セカンダリインジェクタ18の噴射開始直後又は噴射停止直後に規定される所定時間X1,X2(第2の実施の形態ではY1,Y2)を、例えば冷却水温度、負荷、エンジン回転速度等のエンジン運転状態に応じて可変設定するようにしても良い。セカンダリインジェクタ18による噴射燃料の吸気管内壁への付着量や付着燃料の離脱量はエンジン運転状態に応じて変化し、それにより空燃比への影響度合いが変わる。かかる場合において、上記の如く所定時間X1,X2等を可変設定することにより、空燃比の乱れによる燃料状態の変動を好適に抑えることができる。
セカンダリインジェクタ18により燃料噴射が行われる全期間を通じて空燃比フィードバック制御を禁止しても良く、本構成によっても燃焼状態の不測の変動を抑制することができる。つまり、セカンダリインジェクタ18による燃料噴射期間内ではフィードバック制御に代えてオープン制御が行われる。
上記実施の形態では、エンジン10を独立吸気形式とし、各気筒の吸気管毎にそれぞれプライマリインジェクタ17とセカンダリインジェクタ18とを設けたが、この構成を変更しても良い。例えば、吸気マニホールドを備えたエンジンにおいて、各気筒に通じる分岐通路部にプライマリインジェクタ(第1燃料供給手段)を設けると共に、集合部にセカンダリインジェクタ(第2燃料供給手段)を設ける構成としても良い。つまりこの場合、セカンダリインジェクタは全気筒共通に使用される。また、二輪車用エンジン以外に、四輪車用エンジンに本発明を具体化することも可能である。
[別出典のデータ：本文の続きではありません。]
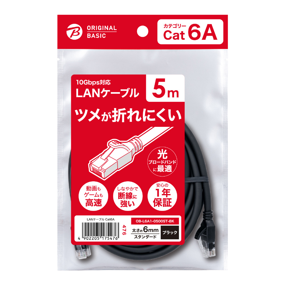 OB-L6A1-0500ST-BK LANケーブル ブラック [5m /カテゴリー6A /スタンダード]

発明の実施の形態におけるエンジン制御システムの概略を示す構成図である。 燃料噴射時間算出ルーチンを示すフローチャートである。 フィードバック補正係数算出ルーチンを示すフローチャートである。 図3に引き続き、フィードバック補正係数算出ルーチンを示すフローチャートである。 FAF演算パラメータを算出するための関係図である。 各インジェクタの噴射態様の変化を示すタイムチャートである。 O2フィードバック制御時におけるO2センサ信号VOXとフィードバック補正係数FAFの挙動を示すタイムチャートである。 第2の実施の形態におけるフィードバック補正係数算出ルーチンを示すフローチャートである。 FAF演算パラメータを算出するための関係図である。 O2フィードバック制御時におけるO2センサ信号VOXとフィードバック補正係数FAFの挙動を示すタイムチャートである。
符号の説明
10…内燃機関としてのエンジン、11…吸気管、17…第1燃料供給手段としてのプライマリインジェクタ、18…第2燃料供給手段としてのセカンダリインジェクタ、32…O2センサ、50…ECU。

Claims (12)

  1. 吸気通路の下流側と上流側にそれぞれ第1燃料供給手段、第2燃料供給手段を設けた内燃機関に適用され、その都度の空燃比が目標値に一致するよう前記第1,第2燃料供給手段による燃料供給量をフィードバック制御する内燃機関の燃料供給量制御装置において、
    前記第2燃料供給手段による燃料供給に際し、その燃料供給状況に応じて前記フィードバック制御に所定の制限を加えることを特徴とする内燃機関の燃料供給量制御装置。
  2. 前記第2燃料供給手段の燃料供給割合が所定値以上である場合に前記フィードバック制御を禁止することを特徴とする請求項1に記載の内燃機関の燃料供給量制御装置。
  3. 前記第2燃料供給手段の燃料供給開始から所定時間が経過するまでの期間、及び前記第2燃料供給手段の燃料供給停止から所定時間が経過するまでの期間の少なくとも何れかで、前記フィードバック制御を禁止することを特徴とする請求項1又は2に記載の内燃機関の燃料供給量制御装置。
  4. 前記第2燃料供給手段の燃料供給開始から所定時間が経過するまでの期間、及び前記第2燃料供給手段の燃料供給停止から所定時間が経過するまでの期間の少なくとも何れかで、前記フィードバック制御の制御ゲインを低下させることを特徴とする請求項1又は2に記載の内燃機関の燃料供給量制御装置。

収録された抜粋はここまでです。